Handcoding a Panel Model
The most basic panel estimation is the Pooled OLS model, this model combines all data across indices and performs a regular Ordinary Least Squares Estimation.
# load the PLM library for panel estimation
library(plm)
# load the Crime data set
data(Crime)
# define the model
m1 <- formula(crmrte ~ prbarr + prbconv + polpc)
# create a panel data.frame (pdata.frame) object
PanelCrime <- pdata.frame(Crime, index=c("county", "year") )

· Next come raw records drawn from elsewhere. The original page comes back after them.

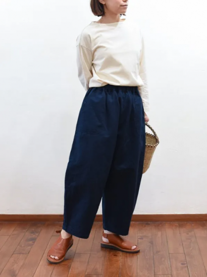 seasew./コットンリネンカルゼ後切替コクーンパンツ ネイビーM
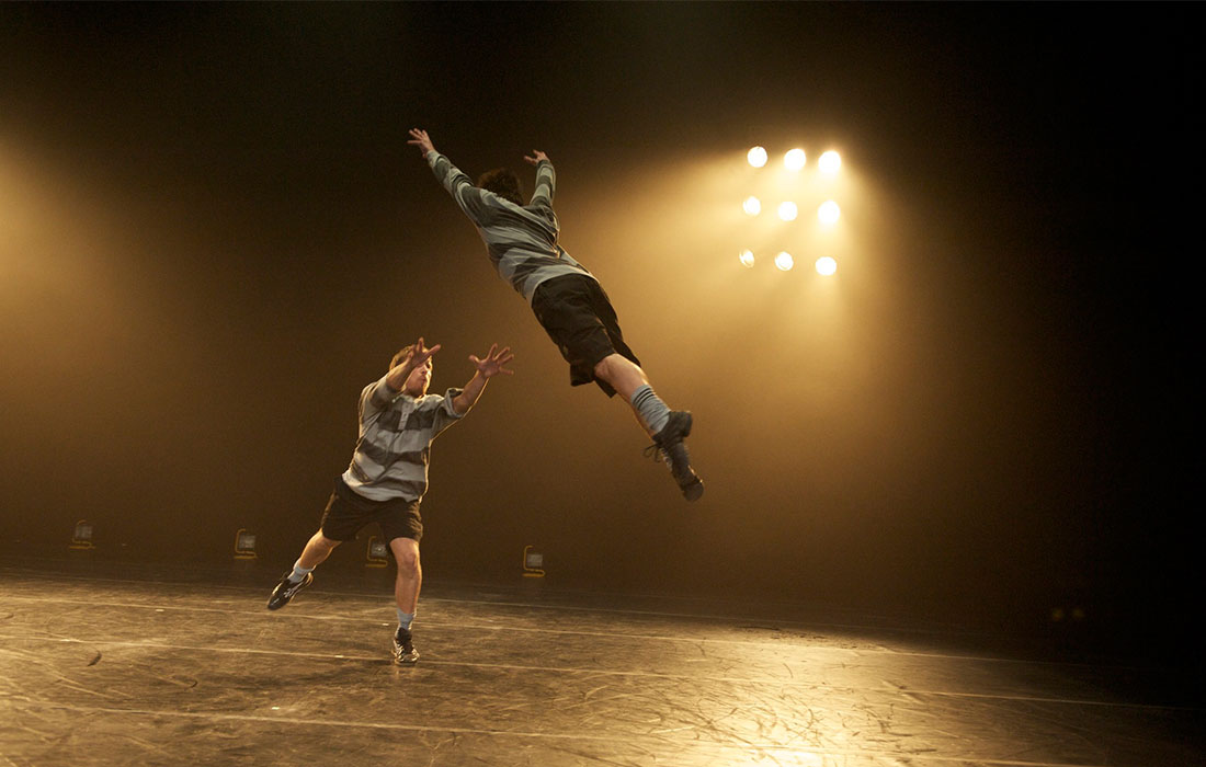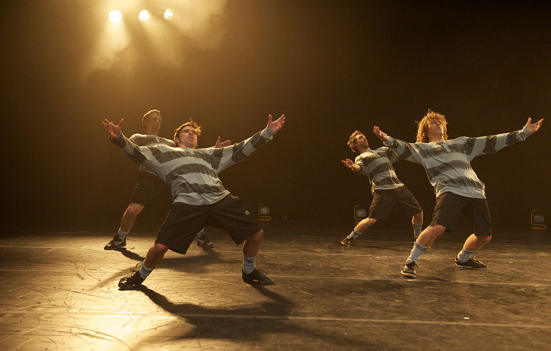 › Torjubel, taktische Fouls und die Tücken des Balls — der norwegische Choreograf Jo Strømgren hat mit „A Dance Tribute to the Art of Football“ eine Hommage an die schönste Nebensache der Welt geschaffen. Das Tanztheaterstück widmet sich nicht nur der Technik des Sports, sondern auch seinen Ritualen und seiner Ästhetik — und bietet den Zuschauern gleichzeitig ein Wechselbad der Gefühle und Stimmungen. Denn während die Akteure unter martialischem Hardrockgetöse ihren Teamgeist und ihre Stärke beschwören, scheinen sie wenig später, begleitet von Opernarien, elegant und fast ätherisch zu schweben. Die Produktion entstand anlässlich der Fußballweltmeisterschaft 1998 in Frankreich und wurde 2009 mit einem anderen Ensemble neu einstudiert. „Ein hervorragender Einstieg nicht nur für Fußballfans, um den zeitgenössischen Tanz kennenzulernen “, sagt Tanz-Kurator Honne Dohrmann. Artistik, Clownerie, Tanz und VideokunstDer Leiter des zeitgenössischen Tanzensembles am Staatstheater Mainz hat für die Festspiele Ludwigshafen Gastspiele ausgewählt, die den Grenzbereich zwischen Tanz und Artistik ausloten. Häufig sind sie vom Neuen Zirkus inspiriert, einer Schule, bei der die Theaterbühne die Manege ersetzt. Anstelle von Tiernummern, Feuerschluckern und Amüsement verschmelzen Artistik, Clownerie, Tanz und Videokunst. Der Funke des Neuen Zirkus ist nun auch auf die Vordenker des zeitgenössischen Tanzes übergesprungen und hat dazu geführt, dass sich dieser in Richtung Akrobatik weiterentwickelt hat. Besonders in Frankreich experimentiert die Szene über solche Genregrenzen hinweg. Straßen- und Hochkultur sind eng verzahnt. Stücke wie „Auguri“ von Olivier Dubois, dem Chef des Ballet du Nord in Roubaix, sind dadurch möglich geworden. Er entführt sein Publikum darin in eine graue Vorzeit, als Auguren die Zukunft aus dem Flug der Vögel ablasen. „Eine Schwarm-Choreografie“, erklärt Dohrmann. „Im ganzen Stück wird wahnsinnig athletisch, aber durchaus choreografiert gerannt. Das Ergebnis ist faszinierend.“
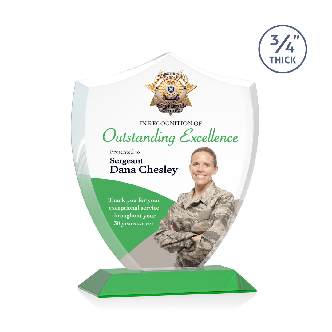 A shield signifies protection, authority, and stability, making the Scudo Shield VividPrint™ Award suitable for recognizing outstanding excellence for first responders and law enforcement. This Starfire Crystal Award features beveled edges and is mounted on a mitered Starfire Crystal Base. Let your message POP with full-color VividPrint™! 6.25″ W x 7.75″ H x 3.0″ D
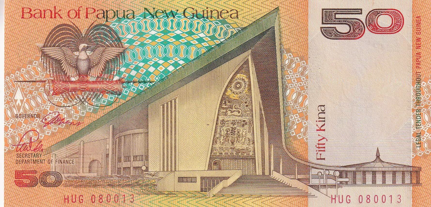 Home > World Banknotes > Oceania Banknotes > Papua New Guinea > Papua New Guinea 50 Kina - Parliament - M. Somare - ND (1988) - Serial HUG - P.10a
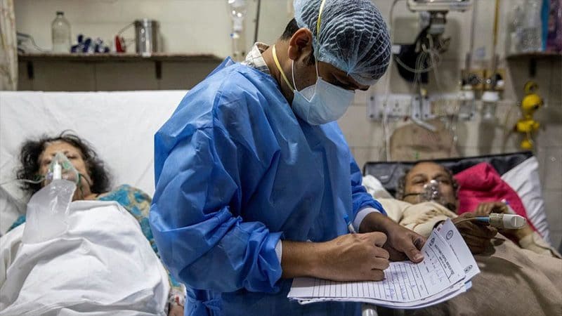 مصابون بكورونا يتلقون الأكسجين في أحد مستشفيات نيودلهي.
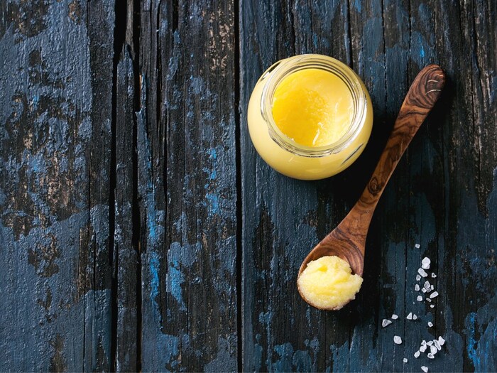 बॉडी स्क्रब बनाकर यूज करें: घी का इस्तेमाल आप बॉडी स्क्रब बनाने के लिए भी कर सकते हैं. इसके लिए दो चम्मच घी, दो चम्मच नारियल का दूध, एक चम्मच चीनी और एक चम्मच बेसन लें और इन सबको अच्छे से मिलाकर स्क्रब तैयार कर लें. फिर इस स्क्रब को स्किन पर अप्लाई करके कुछ देर सर्कुलर मोशन में स्क्रब करें और फिर नॉर्मल तरीके से बाथ ले लें. (Image-Canva)
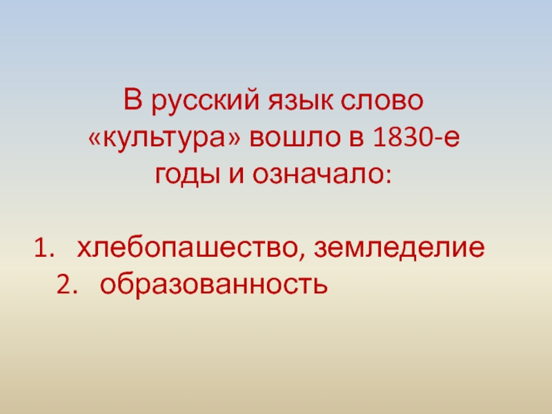 Слайд 8В русский язык слово «культура» вошло в 1830-е годы и означало:
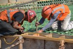 Contractors at work with the rebar on a replacement bridge along Highway 31 in South Central North Dakota near the Standing Rock Indian Reservation.
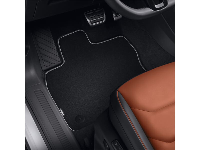 The Volkswagen Genuine textile floor mats are made from durable, high-quality velour with Tiguan branding, and create a visual highlight that also helps to protect the car interior. They attach to the floor easily with a 2-point fastening system to ensure that they not slip or turn.
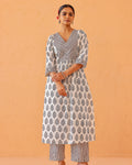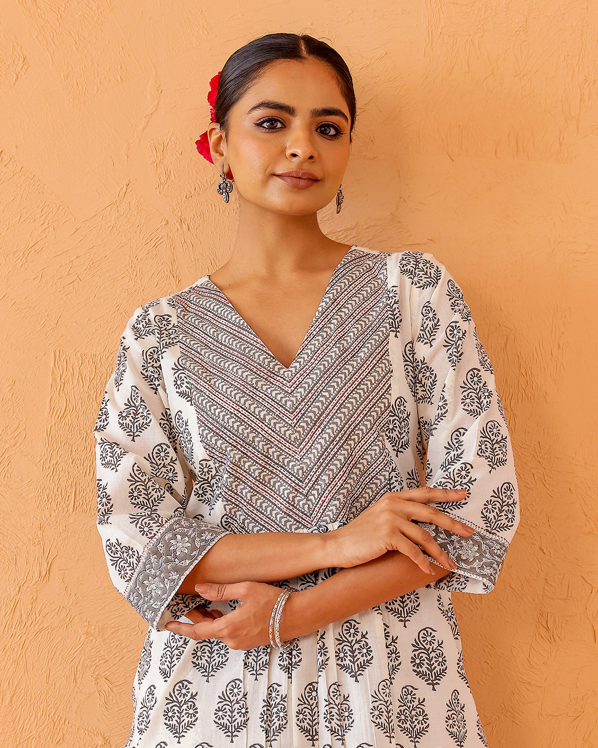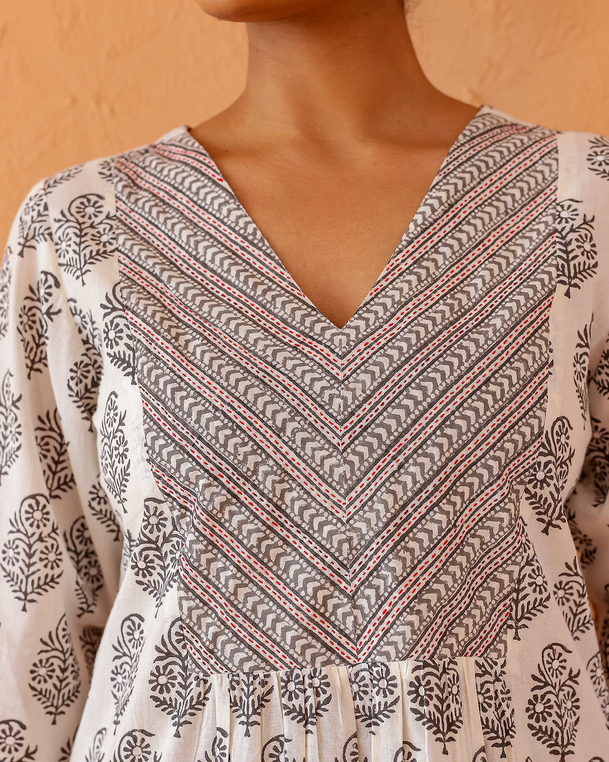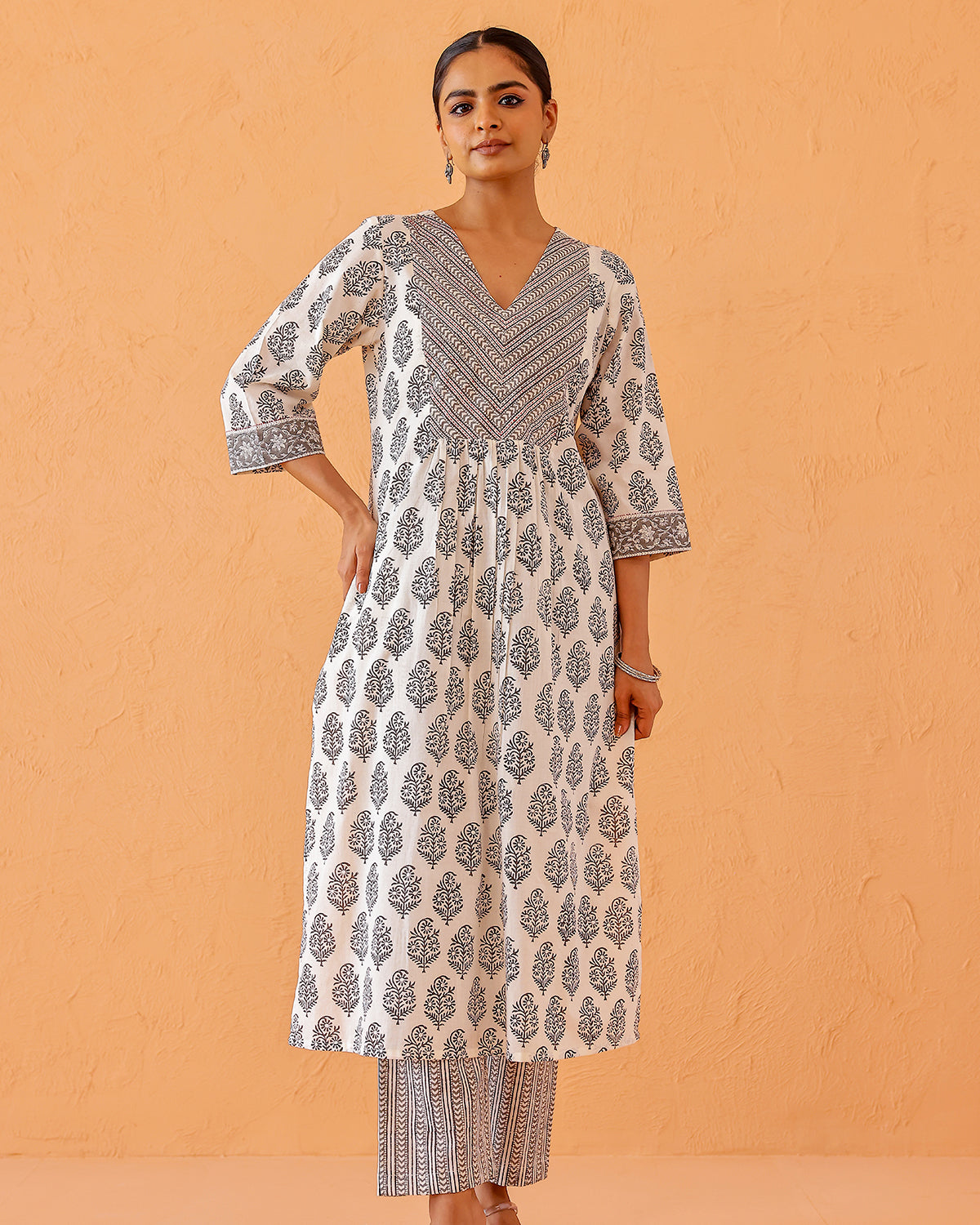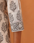 Buta print Kurta with a striking yoke, featuring a V neck and hand done embroidery. Light gathers at the front with printed border at the sleeve cuff.
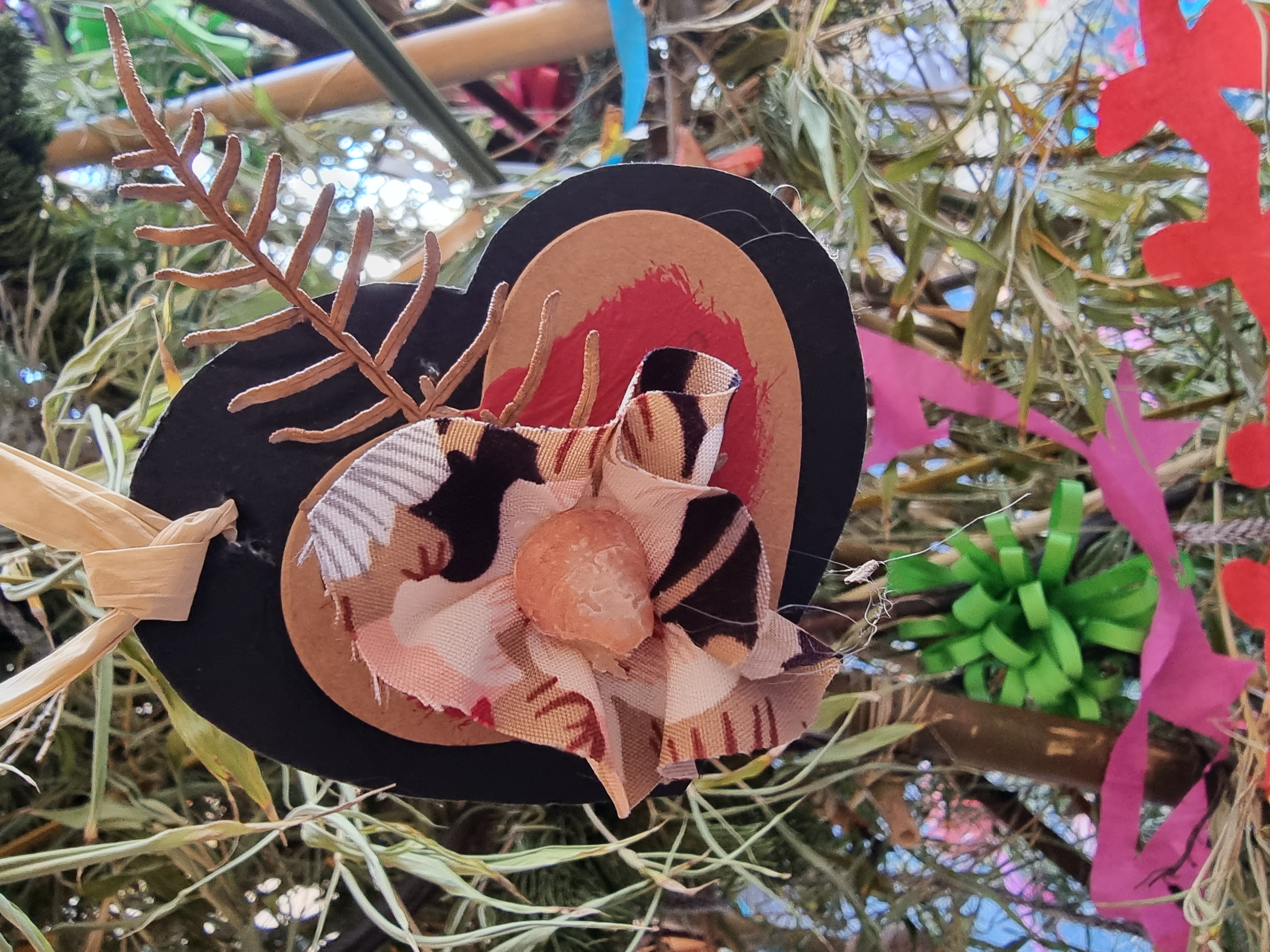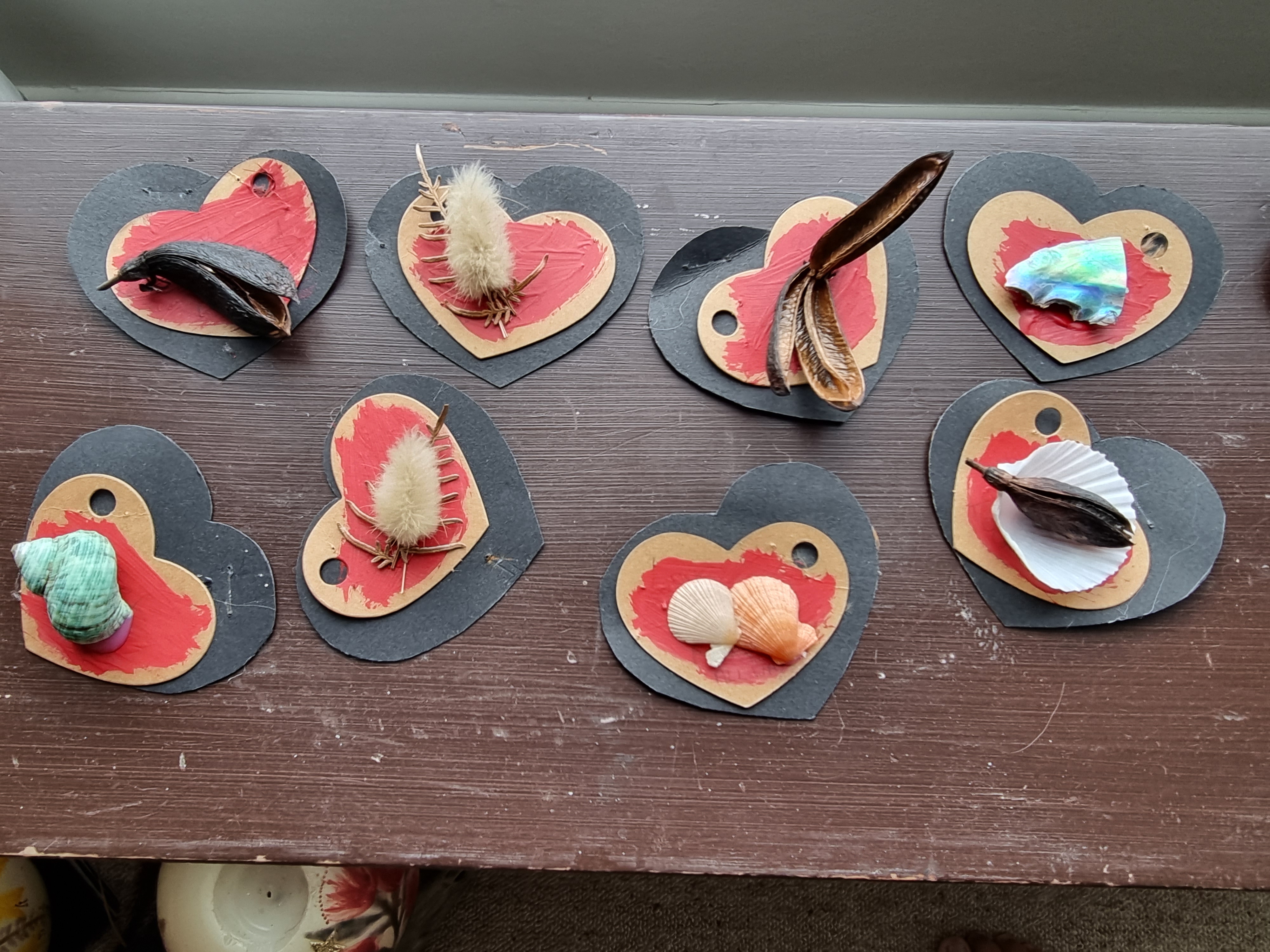 Cardboard cutouts, tapa, dash of ink, with bit & pieces from Taiao’s craft box. Voila!

# estimate Pooled OLS using the basic lm function
lm(formula = m1,
data = Crime)
##
## Call:
## lm(formula = m1, data = Crime)
##
## Coefficients:
## (Intercept) prbarr prbconv polpc
## 0.043643 -0.050993 -0.003251 3.055626
# estimate the Pooled OLS using the plm package
plm(formula = m1,
data = PanelCrime,
model = "pooling" )
##
## Model Formula: crmrte ~ prbarr + prbconv + polpc
##
## Coefficients:
## (Intercept) prbarr prbconv polpc
## 0.043643 -0.050993 -0.003251 3.055626
A more complex estimation method is the Fixed-Effect (or within) estimator. If our data only contains to time-periods, the results of this estimator are equivalent to a OLS estimation of the first-differenced variables.
# create data.frame with only years 81 and 82
Crime8182 <- subset(Crime, year %in% c(81, 82) )
# put into panel data.frame form (pdata.frame)
PanelCrime8182 <- pdata.frame(Crime8182, index=c("county", "year") )
# first difference the non-panel data.frame
library(dplyr)
##
## Attaching package: 'dplyr'
## The following object is masked from 'package:plm':
##
## between
## The following objects are masked from 'package:stats':
##
## filter, lag
## The following objects are masked from 'package:base':
##
## intersect, setdiff, setequal, union
Crime8182FD <- Crime8182 %>%
group_by(county) %>%
summarise(crmrte = diff(crmrte),
prbarr = diff(prbarr),
prbconv = diff(prbconv),
polpc = diff(polpc) )
# use lm to estimate the two-period fixed-effects model
lm (formula = m1,
data = Crime8182FD )
##
## Call:
## lm(formula = m1, data = Crime8182FD)
##
## Coefficients:
## (Intercept) prbarr prbconv polpc
## -6.133e-05 -1.965e-02 -1.537e-03 3.358e+00
# verify with the plm package
plm(formula = m1,
data = PanelCrime8182,
model = "fd" )
##
## Model Formula: crmrte ~ prbarr + prbconv + polpc
##
## Coefficients:
## (intercept) prbarr prbconv polpc
## -6.1332e-05 -1.9645e-02 -1.5365e-03 3.3584e+00
If our data set contains more than two time periods, we need to estimate an proper fixed effects model. This is done by creating a fixed-effect variable for every level along the cross-sectional index (i.e. the non-time index). A simple way of doing this, is by encoding the cross-section index as a factor and including that factor in the regression (more on factors/categorical variables in the post on Handcoding a Linear Model).
fe <- lm (formula = crmrte ~ prbarr + prbconv + polpc + factor(county),
data = Crime)
fe$coefficients[2:4]
## prbarr prbconv polpc
## -0.008008440 -0.001010476 2.029003066
plm(formula = m1,
data = PanelCrime,
model = "within" )
##
## Model Formula: crmrte ~ prbarr + prbconv + polpc
##
## Coefficients:
## prbarr prbconv polpc
## -0.0080084 -0.0010105 2.0290031